Anyway, I have had experience (11,000 VHS repairs) of the little
bar that rubs on the center of the cylinder head motor shaft, can get
dirty or have non contact and cause this problem. I don't know if Sony
uses this on the EV-S900 Hi8 deck or not but it is an easy fix. Just
clean and or adjust.
The little bar is shown in this picture.

http://i.ytimg.com/vi/46jbW5qJz14/maxresdefault.jpg

Also, my VCR now does almost the same symptom (not regular snow) and
the problem is the RF out connection, I wiggle it and the problem goes
away.

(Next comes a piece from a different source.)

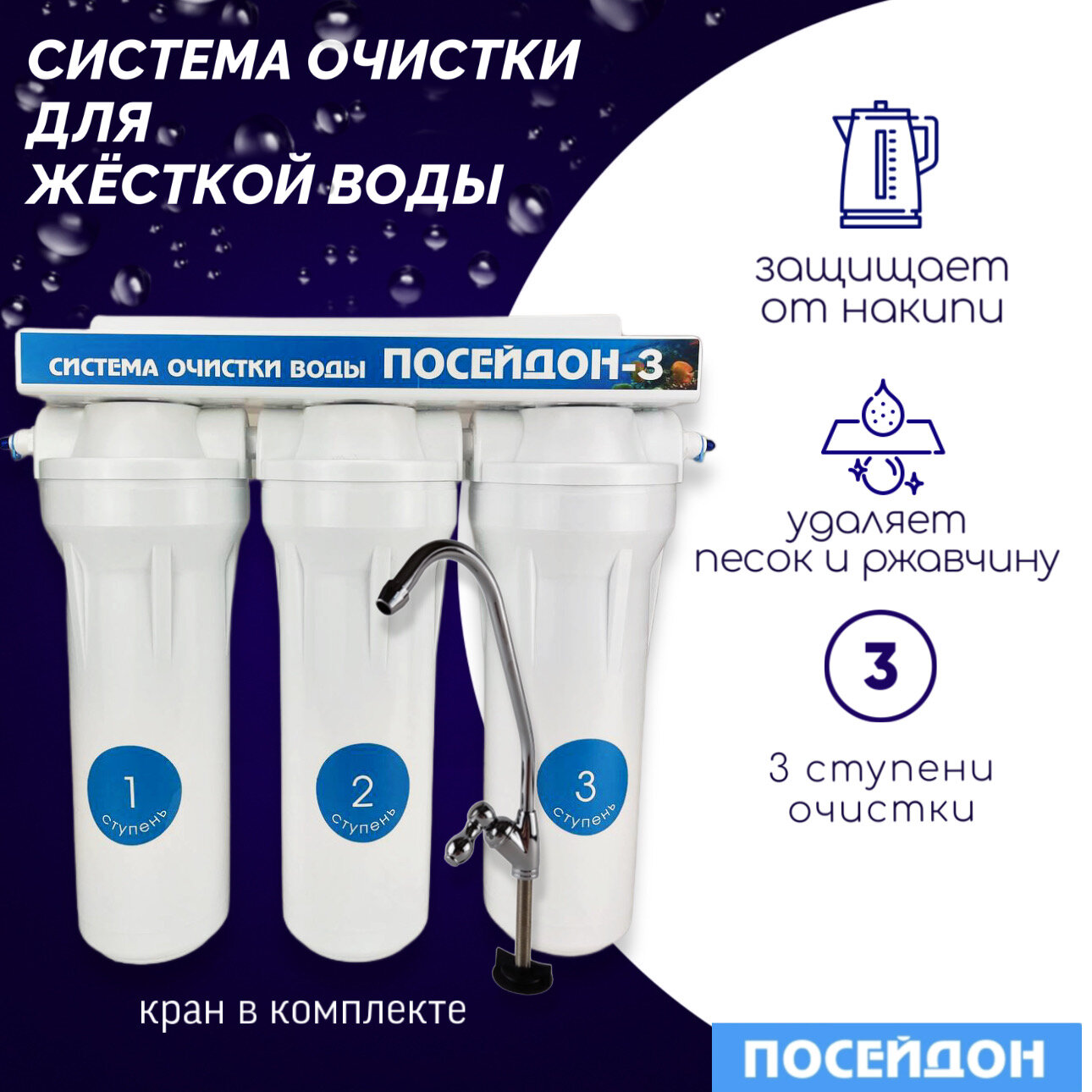 Фильтр под мойкой посейдон "ПОСЕЙДОН-3" для жёсткой воды

One more just push on areas where the head signal is processed,
could be a shield connection in that area.

Mikek

Time flies, those repairs were done between 1984 and 1994!
I stopped when prices hit about $200 for a machine.

You have to share some stories of crazy repairs or problems you ran into.

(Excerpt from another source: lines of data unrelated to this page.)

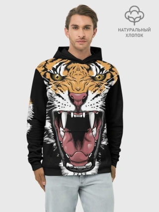 Худи мужской база хлопок / Оскал амурского тигра
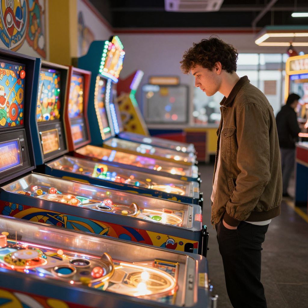 In the heart of a vibrant amusement hall, a young man stands amidst a colorful array of pinball machines, their lights glowing with an inviting warmth. The scene is bathed in a soft, natural lighting that enhances the vivid hues of the pinball machines, each adorned with intricate designs and bright, eye-catching colors. The man, dressed in a casual brown jacket, appears engrossed in the game, his posture relaxed yet focused. The pinball machines, arranged in a semi-circle, create a dynamic composition that draws the viewer's eye from the foreground to the background. The depth of field is shallow, with the man and the closest machines in sharp focus, while the background blurs into a tapestry of lights and colors, adding a sense of depth and dimension to the scene. The overall atmosphere is one of nostalgia and excitement, capturing the essence of a classic amusement hall where the joy of pinball is celebrated.
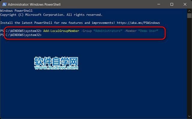 3、现在,复制粘贴+以下命令,然后按Enter键:Add-LocalGroupMember-Group“Administrators”-Member“DemoUser”。
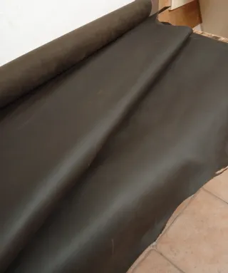 Material de piel de vacuno. Color marrón muy oscuro Encerada o con un poco de grasa Es manejable Medidas 110 de largo y de ancho de 65 a 110 Grosor 1.5 milímetros - Color marrón oscuro. - Textura suave.
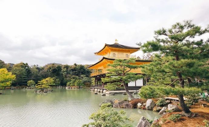 金阁寺建于1379年,原为足利义满将军的山庄,后改为禅寺。高调华丽的禅寺在阳光下熠熠生辉,与前方的镜湖池交相辉映,成为京都最经典的风貌之一。
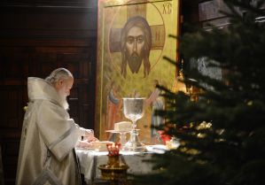 В Рождественский сочельник Святейший Патриарх Кирилл совершил Литургию святителя Василия Великого в Храме Христа Спасителя
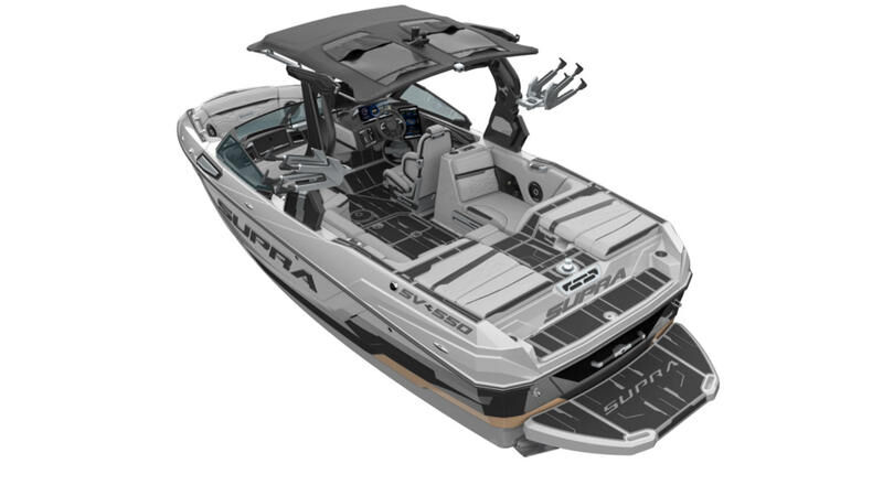 Supra SV with Supercharged 575 Raptor engine. This boat comes with DSD sound system, Swellsurf system, surf exhaust pipe, chill tech vinyl, Boatmate trailer, and more.

The stupidest problem I saw multiple times was with some sort of Sanyo?
VHS mechanism that required you to drill and cut the chassis apart to get
to the idler. Newer revisions had the cutout in place from the factory so
it could be replaced by a tech. Otherwise you attached magnets, drilled
dozens or so holes and broke out a piece of that diamond stamped metal.

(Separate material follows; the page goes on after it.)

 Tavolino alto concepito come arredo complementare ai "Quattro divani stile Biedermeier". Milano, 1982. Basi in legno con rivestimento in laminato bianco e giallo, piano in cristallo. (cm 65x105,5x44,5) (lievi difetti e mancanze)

People really liked to spray WD-40 into VCRs when they sqeaked too. Kids
liked to "feed" VCRs as well.


Oh ya, dozens of items found inside the VCRs. We were warranty repair
for Sanyo, but I don't recall that idler problem. I had one great repair
on Fisher (FVH906?) tuner had one bad cap, I just happened to find one
day with freeze mist. Replaced a $1 capacitor instead of a $120 tuner.
Funny how so many porn tapes of all persuasions got stuck in VCRs, and
they never requested them back :)
I once replaced 12 parts in a VCR before finishing the repair, then was
told it was hit by lightning.
I had a nice situation, supposedly an independent contractor, although
all the work was done in his shop, used his part inventory and manuals,
(large selection of many brands). I worked any hours I wanted, and had a
pretty good shield from the crazy public. Had a 60/40 split until $800
then it went to 50/50.
Once had a complaint the remote didn't work, no problem found,
customer took unit home, set it up and remote didn't work. I went
through a few different things and then recalled an article I recently
read about some light bulbs (fluorescent?) that were overloading the
infrared sensors making the remote unusable. I told the customer to shut
the light off, it worked. I suggested he could make a shield over the
sensor so the light didn't hit it.
I got my start around 1974, with 1/2 inch reel to reel Sony VTRs, AV
3600, and AV3650 with flying erase head! :)
Then came the top loading RCA with the florescent blueish display.
https://www.youtube.com/watch?v=SAJ94SEVBTw
Then we started with the Sony 3/4" Umatic VCR.
http://www.rewindmuseum.com/umatic.htm
I had several other repair jobs before I got into consumer repair
of VCRs just at the right time, VCRs were just getting popular. The VCR
revolution propelled several retail chains to large growth. ABC
Appliance, Fretters and a third I can't recall the name of. We did
warranty and service contracts for all three. I was crazy busy, one week
after Christmas, I did 124 VCR repairs and billed just over $6,000.
I did great during the Reagan administration!
Got to go, if I think of some other repair stuff I'll post again.
Mikek

Was the other company Highland Electronics? When they went up against
Best Buy, they took a royal thrashing.

That's it! Highland was a bigger store in my area. I must have been
out of VCR repair before Best Buy arrived. I never saw one in Lansing
Michigan.
Mikek
Mikek


I was at Best Buy's headquarters in Minneapolis when Highland entered
the Twin City market. Going head to head against Best Buy was their
downfall even though their stores looked nice, tv ads were ok and
their prices weren't bad. Chuck

They had Highland in Chicago. There was also Fretter and Silo, although I
don't recall if they existed at the same time.